Fiscaliteit wordt gezien als een van de mogelijke maatregelen om de transitie naar een circulaire en klimaatneutrale economie te versnellen. Een heffing op het gebruik van primaire fossiele grondstoffen – vooraan in de keten – wordt gezien als een potentiële maatregel.
In opdracht van het Ministerie van Infrastructuur en Waterstaat heeft Copper8 een verkenning uitgevoerd op de de haalbaarheid en effectiviteit van respectievelijk het afschaffen van de vrijstelling op het niet-energetisch gebruik van aardgas en kolen, en het toepassen van een accijns op het niet-energetisch gebruik van aardolie (primaire fossiele grondstofheffing).
Wanneer we uitgaan van de huidige tarieven die gelden voor het energetisch verbruik, zou het afschaffen van de vrijstellingen voor het niet-energetisch gebruik leiden tot €7,867 miljard aan jaarlijkse belastinginkomsten.
De impact van deze kostprijsverhoging voor de chemische sector in Nederland van 23,3% is geanalyseerd in een EEMRIO model, waarbij we zien dat deze kostprijsverhoging met name prijsverhogende effecten heeft op de chemische en aanverwante industrieën in Nederland en directe buurlanden (België en Duitsland).
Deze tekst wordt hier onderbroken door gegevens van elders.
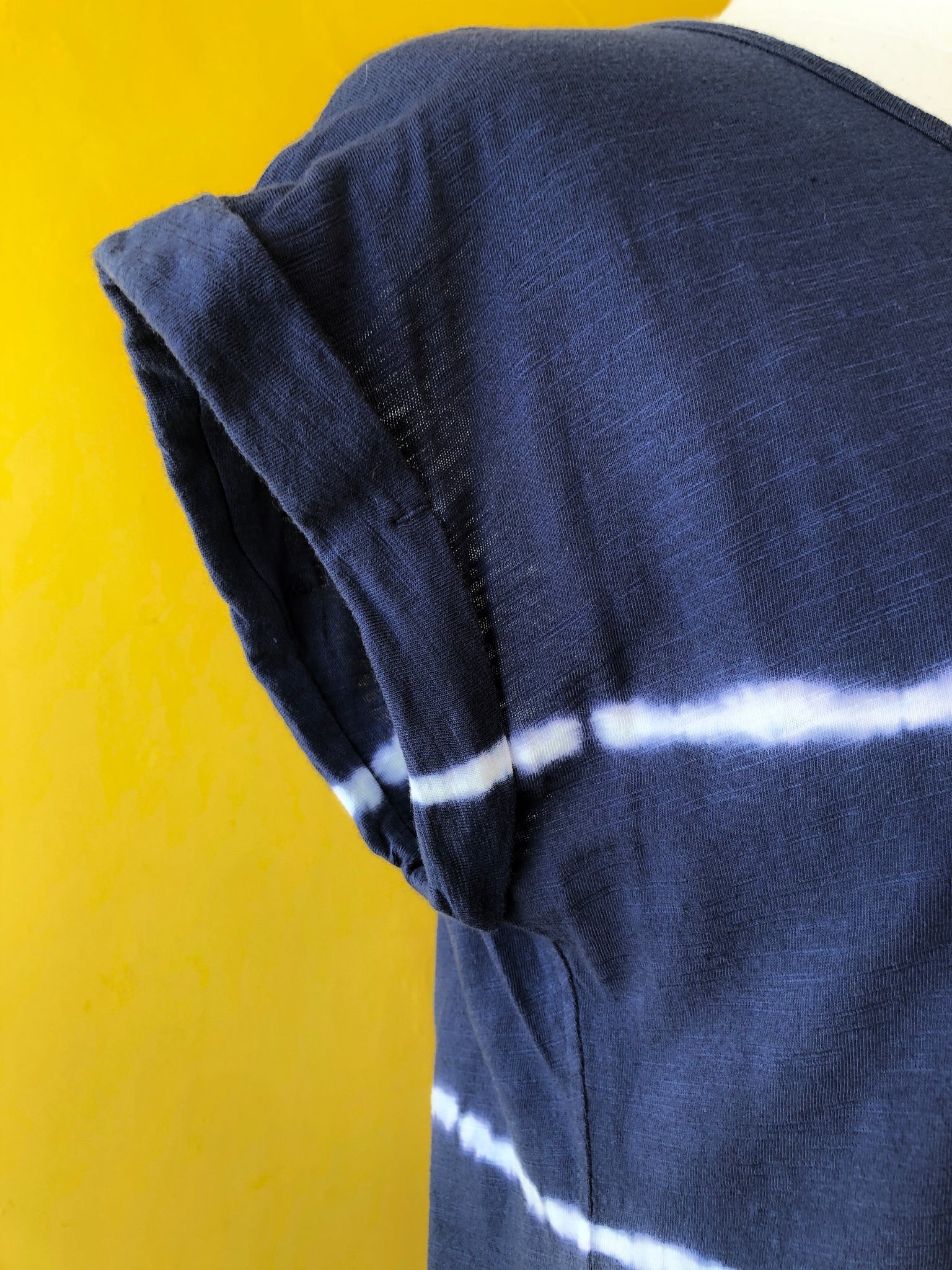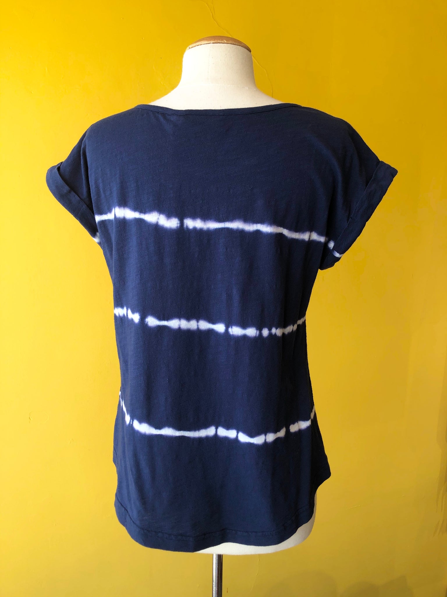 Tye-dyed striped navy short-sleeve scoop-neck T-shirt.
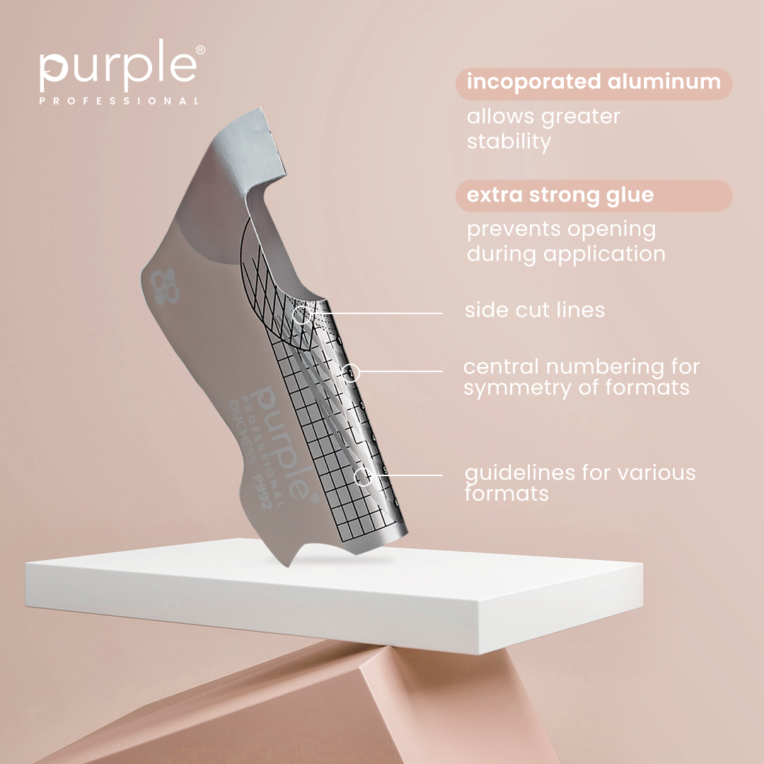 Het beschikt over centrale nummering en gidsen voor het creëren van alle soorten nagelvormen en -maten. Speciaal ontwikkeld voor nagels met een vierkantere hyponychium-zone en geen diepte.
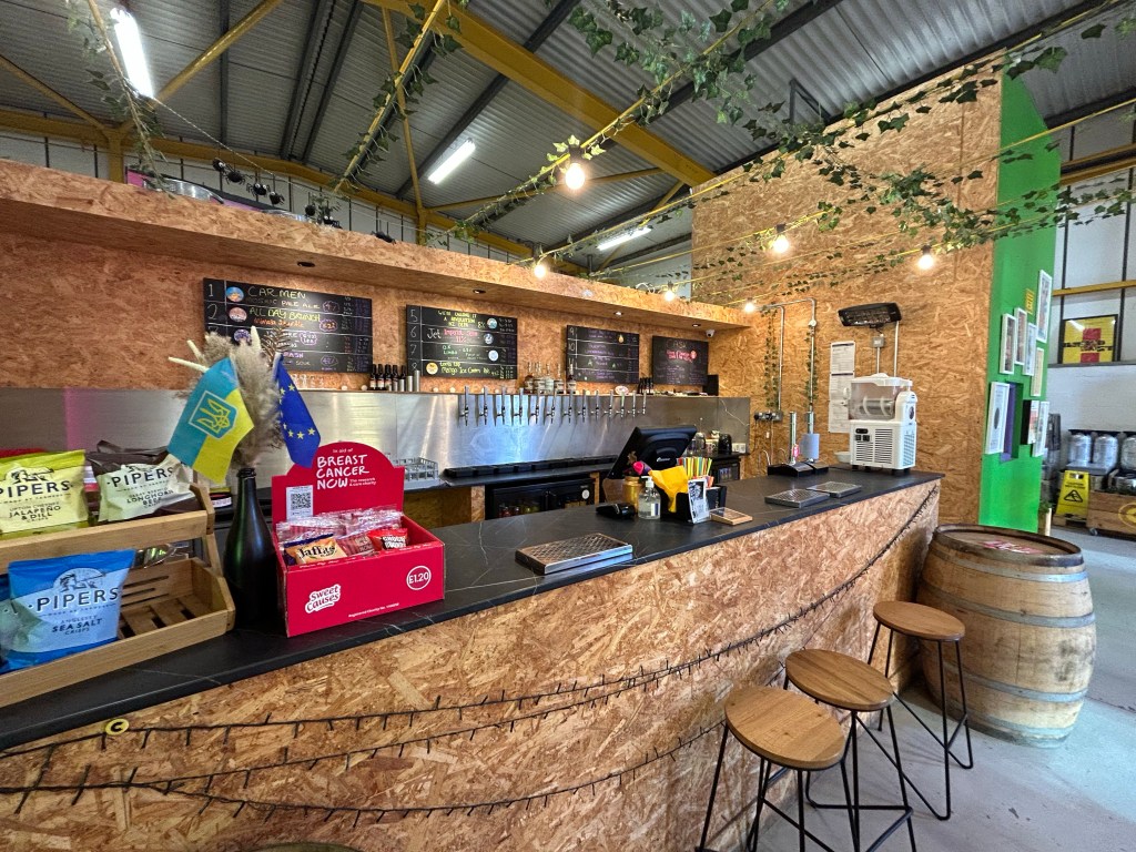 Directly over the road from Azvex is “Carnival Brewing Company Taproom”. The brewery was started in a kitchen in Liverpool after a fundraising event at the Clearview Carnival in 2017. The brewing setup can be seen in the corner of the unit.

De prijsverhogingen en daaruit voortkomende reductie in vraag leiden tot een reductie van 2,78 Mton aan jaarlijkse CO2-uitstoot. In deze berekening zijn geen substitutie- of weglekeffecten meegenomen.
In dit onderzoek zijn verdiepende verkenningen gedaan voor de effecten van het afschaffen van de vrijstelling van het niet-energetisch gebruik van aardgas op de kunstmestindustrie, en het toepassen van een accijns op het niet-energetisch gebruik van aardolie in het stoomkraakproces voor kunststofproductie. Deze twee sectoren hebben op dit moment het meeste economische baat bij de vrijstellingen voor het niet-energetisch gebruik.
In de sectorale verkenningen zien we dat een primaire fossiele grondstofheffing economische impact heeft op de bestaande industrie; we zien echter ook dat het ontbreken van deze heffing een van de variabelen is die de ontwikkeling van circulaire alternatieven tegenhoudt. Wel zien we dat er zowel door de bestaande industrie als door challengers gewerkt wordt aan alternatieve methoden om respectievelijk kunstmest danwel kunststoffen te produceren. Veel van deze methoden hebben een positief effect op de nationale Klimaatdoelstellingen.
Een primaire fossiele grondstofheffing zal als solitaire maatregel waarschijnlijk onvoldoende effectief zijn; een samenhangende set aan beleidsmaatregelen is nodig. Ook is invoering op Europees niveau een belangrijke randvoorwaarde.